In contrast, almost 100% of DigitalOcean’s users are developers. We simply had to do better.
DigitalOcean has two main differentiators in the cloud industry. Good design, and its stellar Community app. Hundreds of thousands of users have found value in our tutorials. The community’s consistent quality serves as a constant source of love from the industry.
We’re not doing much with this extremely valuable resource, definitely not as much as we can. Its knowledge is not well integrated into our core app, and our services aren’t integrated back into it. The opportunity space here is enormous, but so far we haven’t spent much time exploring it. The only connection as of now is our Support app, and that’s limited at best.
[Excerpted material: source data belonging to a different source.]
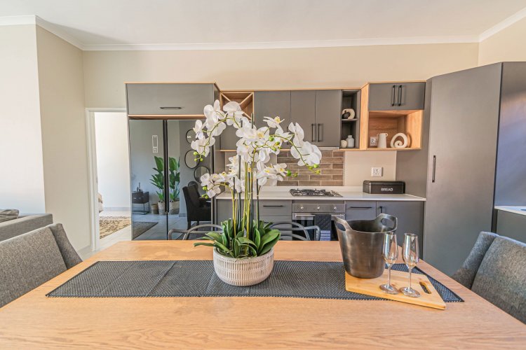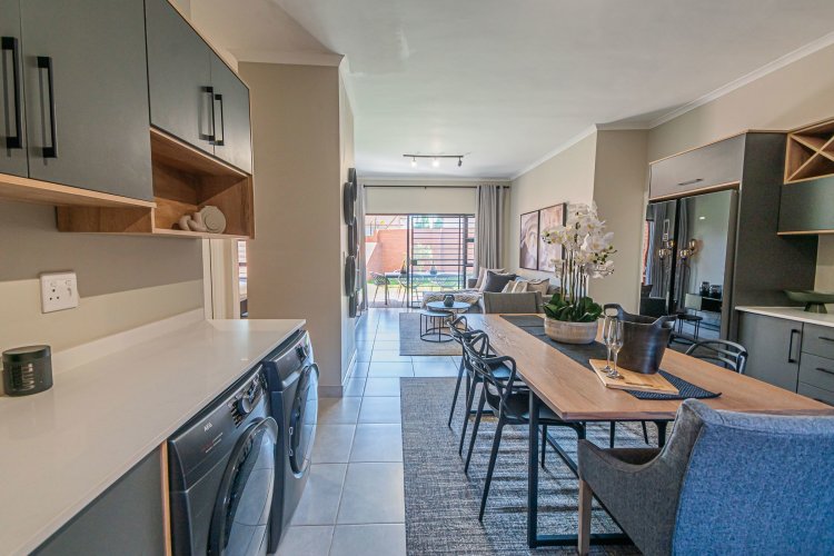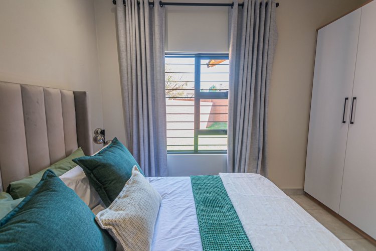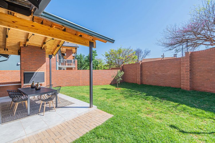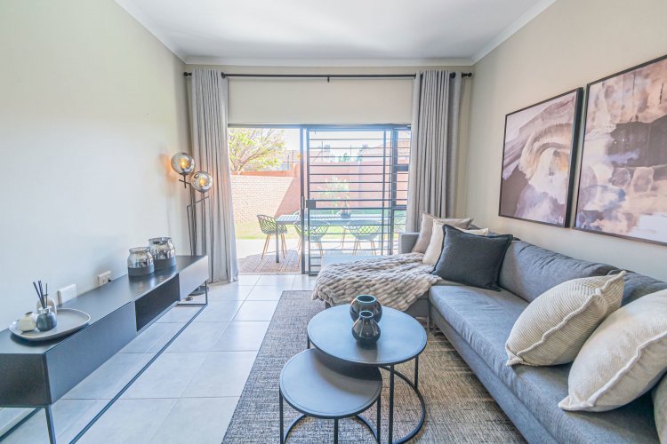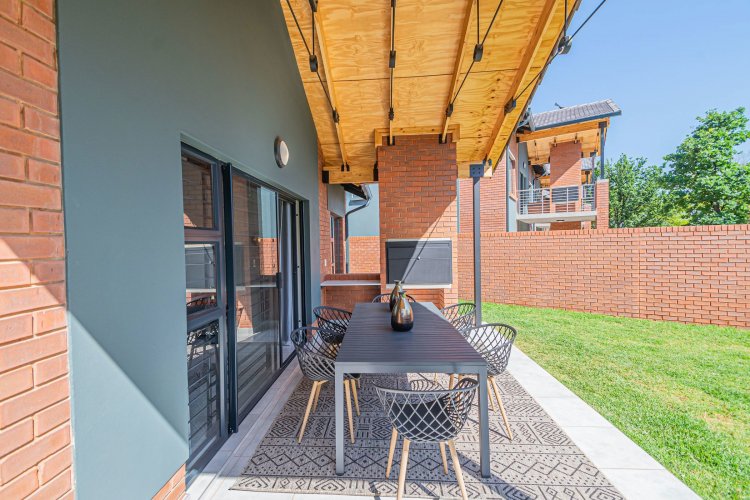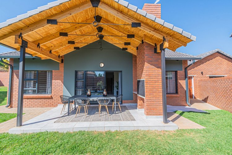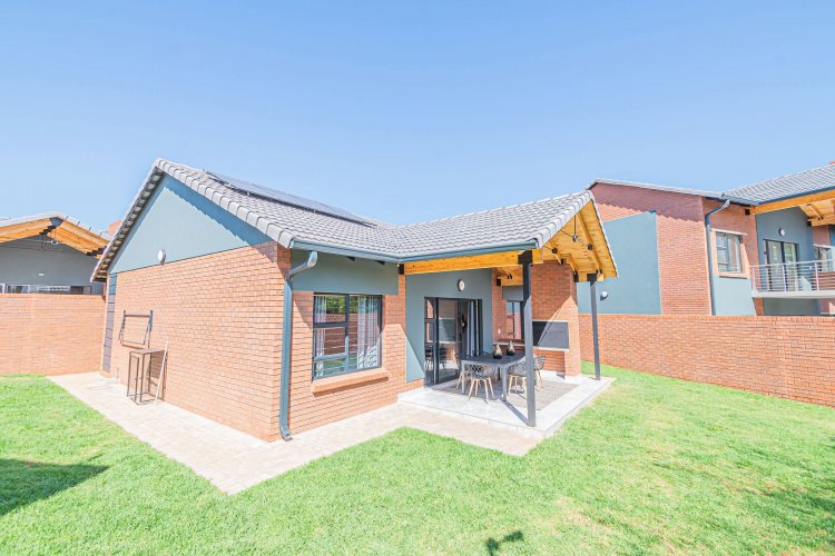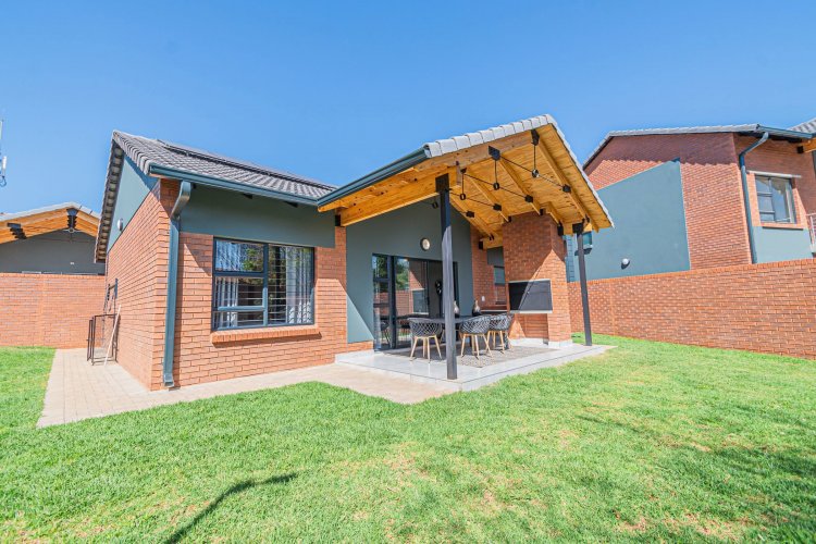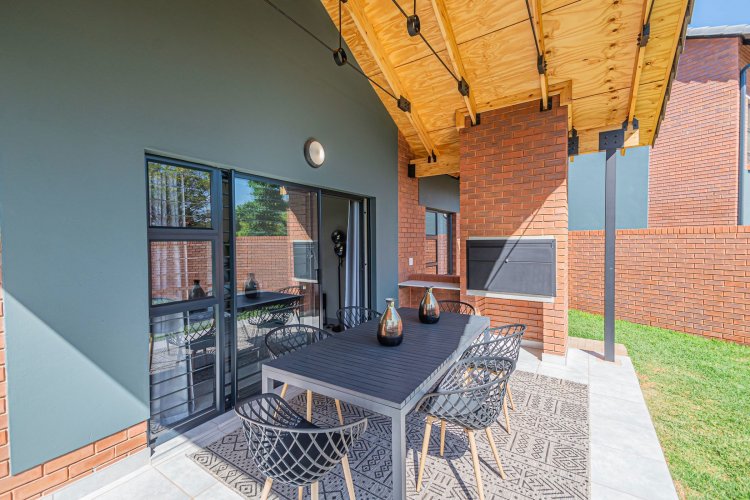 Additional info: Property Type: Townhouse / 3-Bedroom Unit Bedrooms: 3 Bathrooms: 2 (Main En-suite + Guest) Garages: 2 (Automated / Secure Parking) Living Areas: Open-plan Lounge and Dining Kitchen: Contemporary, Quartz Countertops, Gas Hob, Electric Oven Garden: Private Garden with Built-in Braai Veranda / Patio: Ground-floor units feature a veranda Security: 24-Hour CCTV Surveillance, Secure Access Control Energy Efficiency: Solar Backup System, Gas Geyser, Gas Stove with Electric Oven Condition: Brand New / Modern Finish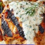 This delicious Grilled Chicken Breast with Creamy Dill Sauce is a quick and healthy meal perfect for any weeknight. Juicy, marinated chicken breasts are grilled to perfection and topped with a tangy, creamy dill sauce made from Greek yogurt, fresh dill, and a touch of honey, delivering a delightful balance of flavors.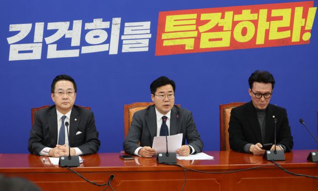 민주당은 오는 14일 본회의에서 김건희 특검법을 처리할 계획이다. 윤 대통령이 또다시 재의요구권(거부권)을 행사할 경우 28일 본회의에서 재표결까지 진행할하겠다는 방침이다. 박 원내대표는 "앞서 두번의 특검법이 부결되기는 했지만 세번째 특검법이 발의돼있는 현재의 시점에서는 아마 그때와는 다른 분위기, 정국이 아닐까 생각한다"며 "윤석열 정부와 차별화를 이루기 위해 노력하는 한동훈 대표도 뭔가 결단해야 할 시점"이라고 말했다.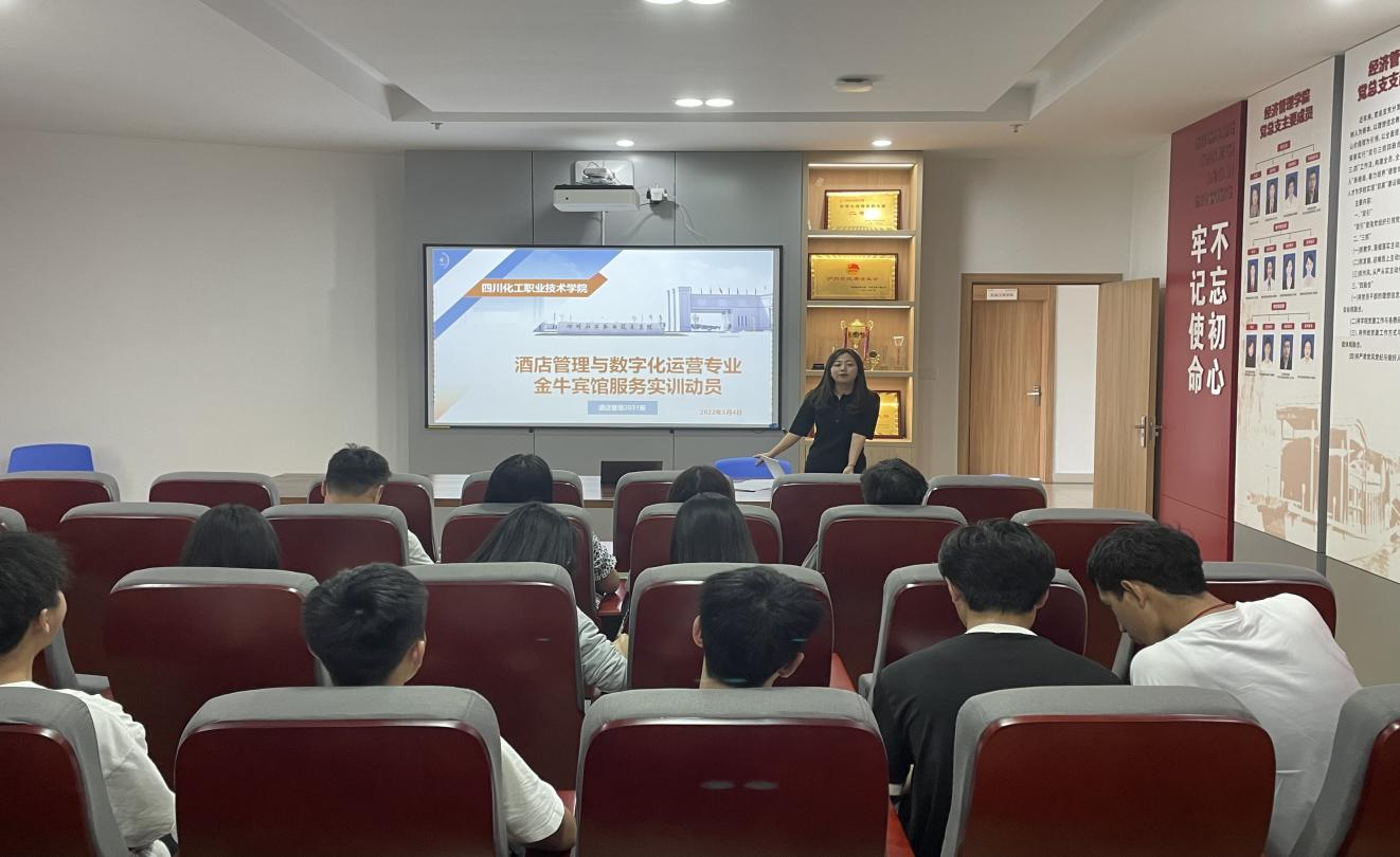 5月5日,经济管理学院酒店管理与数字化运营专业20级12名学生前往四川省人民政府金牛宾馆参加岗位实训。出发前一天, 经济管理学院组织开展了岗位实训暨安全教育动员大会。实习指导教师讲解了实训任务,对实训期间的班级安全管理提出了要求,特别强调了注意疫情防控安全,希望同学们在实训过程中严格遵守实习单位的规章制度、加强专业技能的学习,积极主动参与实训,展现化院学子的精神风貌。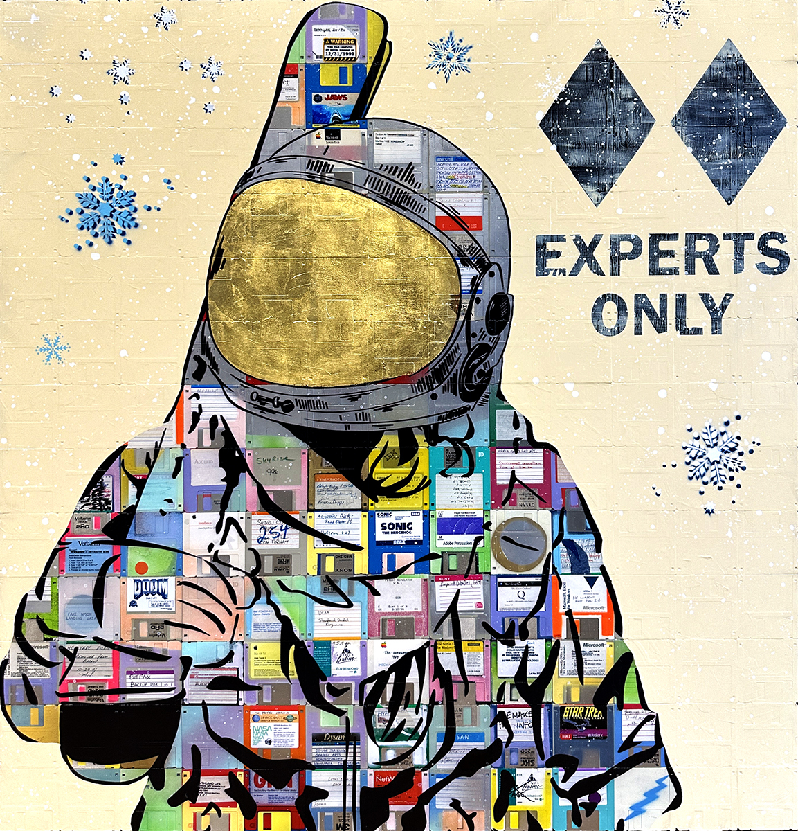 Smith’s work turns salvaged, unrecyclable floppy diskettes into paintings that explore the visual lexicon of popular culture, time and nostalgia. Drawing from pop art’s historical use of reappropriated images, these paintings recontextualize our understanding of obsolete technology and the anonymous information they contain, bringing the past into the present moment to ask important questions about our digital identities and the materiality of contemporary painting.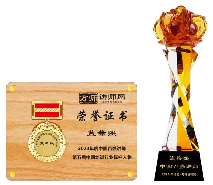 恭喜藍希熙老師榮獲萬師講師網2023年度中國百強講師 暨第五屆中國培訓行業標桿人物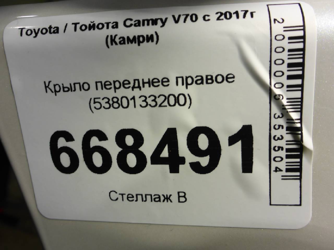 Деталь: Toyota Camry XV70 - Крыло переднее правое (5380133200)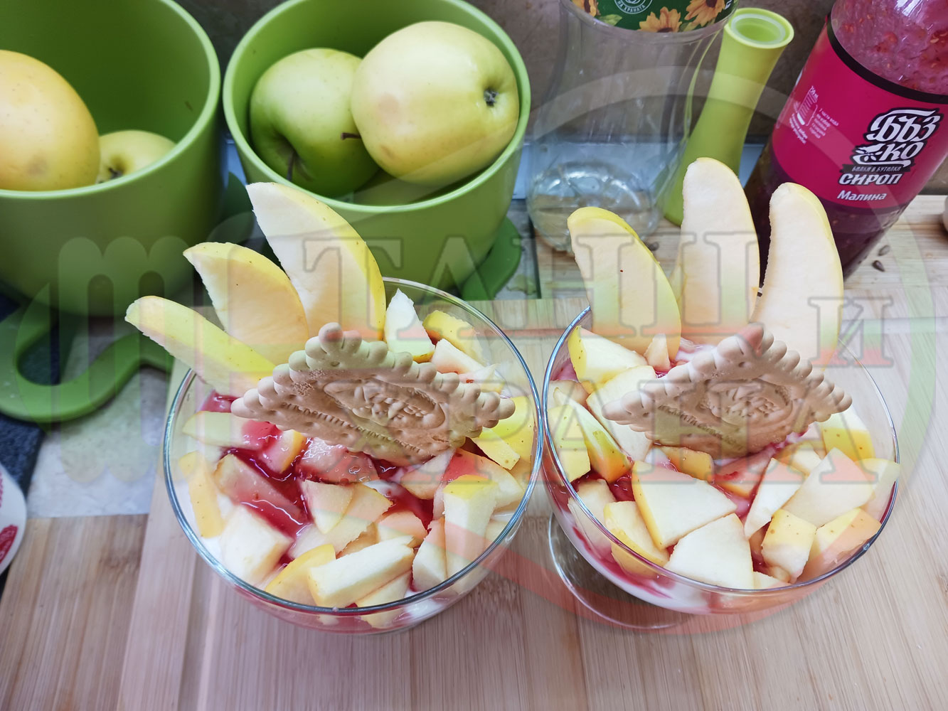 Сипете по 2,5 супени лъжици от малиновия сироп върху ябълките и украсете всяка порция с ябълковите резени и с по 1 цяла, обикновена бисквита (украсете по ваше желание и усмотрение).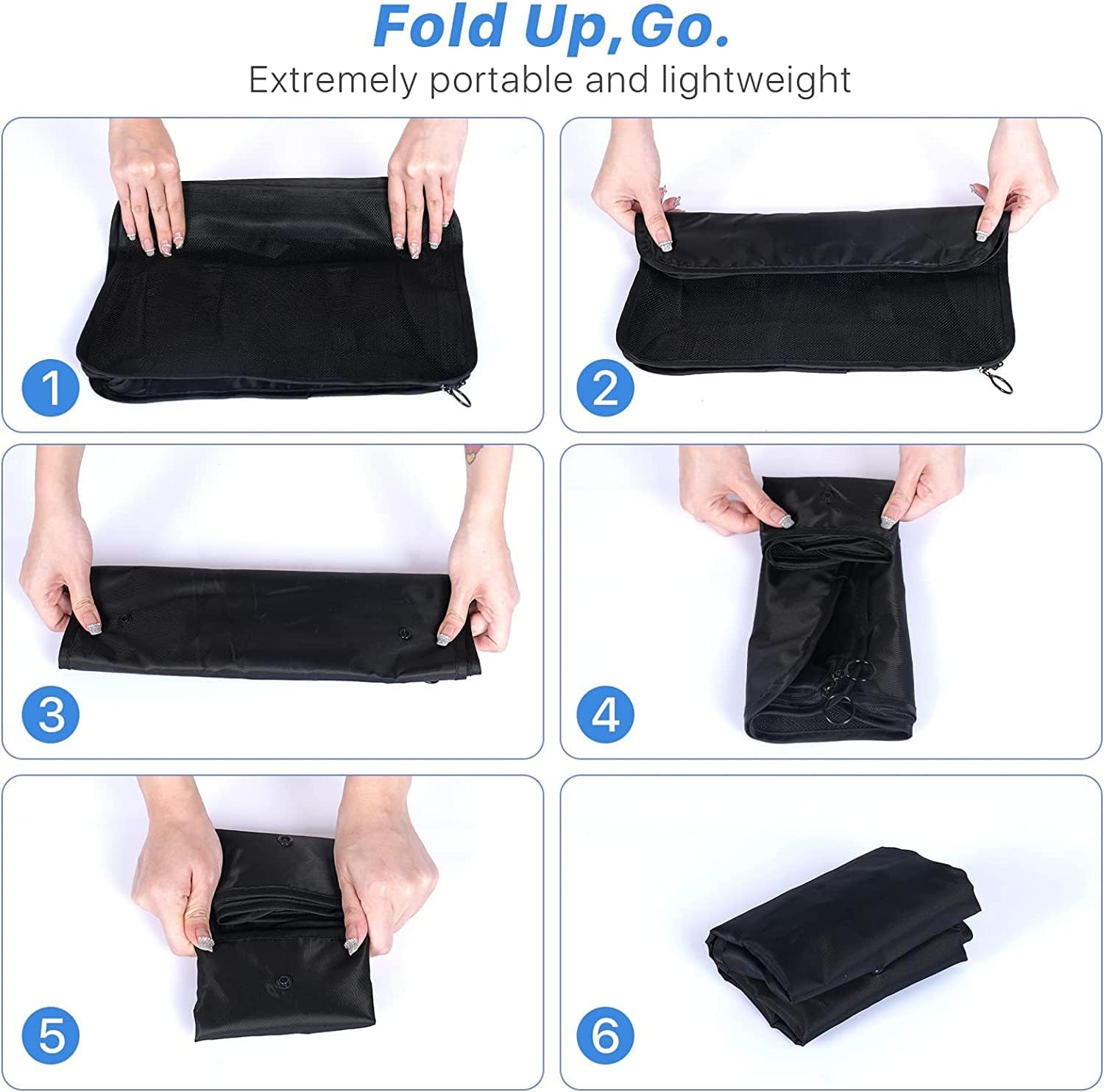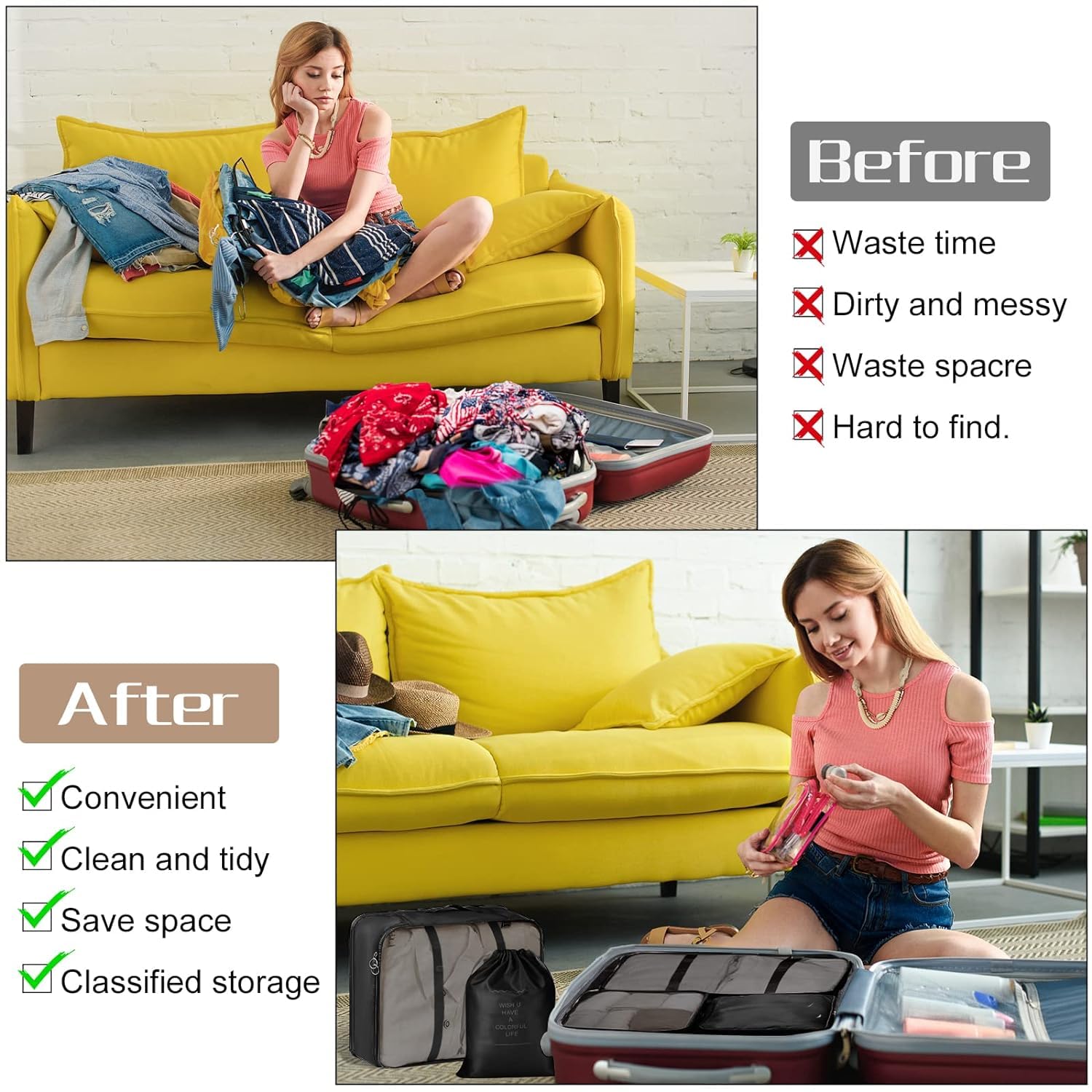 Packing Cube Set Details : 7 pcs packing organizers set ( 3 different size clothes storage bags or cubes + 3 laundry pouches which can also be used as 1 bra/underwear bag , 1 cosmetics bag , 1 toiletry bag + 1 bonus drawstring shoe bag). The 3-laundry pouch can be used for your used clothes while the compression garment bag can be used for footwears.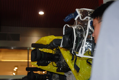 而很瞎的是,當安田哲彥先生才剛走上舞台時,天空便飄起點點細雨…雖然不大,但誰也難保不會忽然變成大雨直撲。而正當後方的電視媒體將攝影機一一罩上防水布時,幸好雨滴也就沒再繼續落下了。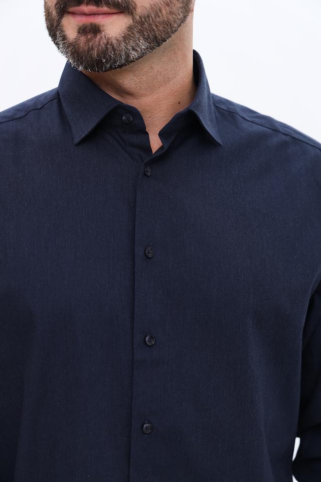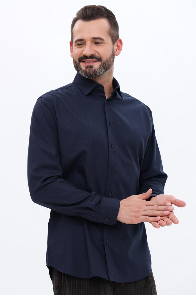 Рубашка имеет длинные рукава, стандартный воротник и застежку на пуговицы. Тёмно-синий цвет делает её универсальной и подходящей для различных случаев – от деловых встреч до повседневной носки. Прямой крой обеспечивает свободу движений и комфортную посадку по фигуре.

This principle started out as “Learning & Development” but we decided to call it what it is. By using DigitalOcean, developers should get the added benefit of actually getting better at what they do.
This is a principle I believe in beyond DigitalOcean. I described it in one of my recent blog posts, Patronizing Passwords. You should read it.
The pattern has the added benefit of upselling users who need more resources. Not in a cynical way—it also has the potential to down sell them when they’re using too many, saving them money and building love and loyalty.
It can save users from negative experiences before they happen. We can recommend a High Availability solution in case their server crashes or their data gets corrupted.
We could make this something like this work for various levels of technical sophistication. It would augment our brand, provide real, unique value to our userbase that would be hard for competitors to replicate. It could regularly create higher-value users. We might even teach them transferrable skills that would allow them to switch providers. Not a good thing on the surface, but as with any mentor, they will always value us for making them better.
By teaching them “how to fish,” we can help them understand their infrastructure needs. This can also provide more insight into our infrastructure costs. Higher quality infrastructure is also more expensive, but they’ll have a better understanding of its value.
This list of guiding principles was not drafted with pie-in-the-sky idealism. It was designed to focus our efforts on things that could provide value to both our users and the business.
The way I saw it was if these were truly to be guiding principles, they had to remain relevant in the future. DigitalOcean’s future customers had very different requirements. Structuring our north star around the kind of customer we wanted to get would produce designs that were attractive to those same customers. These interfaces could accelerate the rate at which we were acquiring them.
Designing with these principles in mind would create better user experiences, as they’re structured around user needs, rather than business needs. But the choice of which principles to include was based on the current state of the business and its future goals.
Object Oriented made it easier to grok the interface, but it also set up the foundation for building larger, more complicated infrastructure.
Show The Right Thing and Keep Your Context are obvious heuristics, but they promote growth by making it easier to work with that infrastructure in a holistic manner.
Scalable Interactions and User Collaboration improve the experience for organizations with more employees and resources, but they also make DigitalOcean viable for these kinds of customers.
Keyboard Friendly is on its surface a nice-to-have feature, but turning the interface into a native experience for developers would create an emotional connect, foster love, and increase mindshare.
Make Developers Better provides our users with lasting growth, but also creates higher-value customers for the business.
I see design as a powerful tool for accomplishing business goals. Framing our goals this way allowed us to cater to user needs while augmenting the business. When business and user needs can be aligned, great things can happen.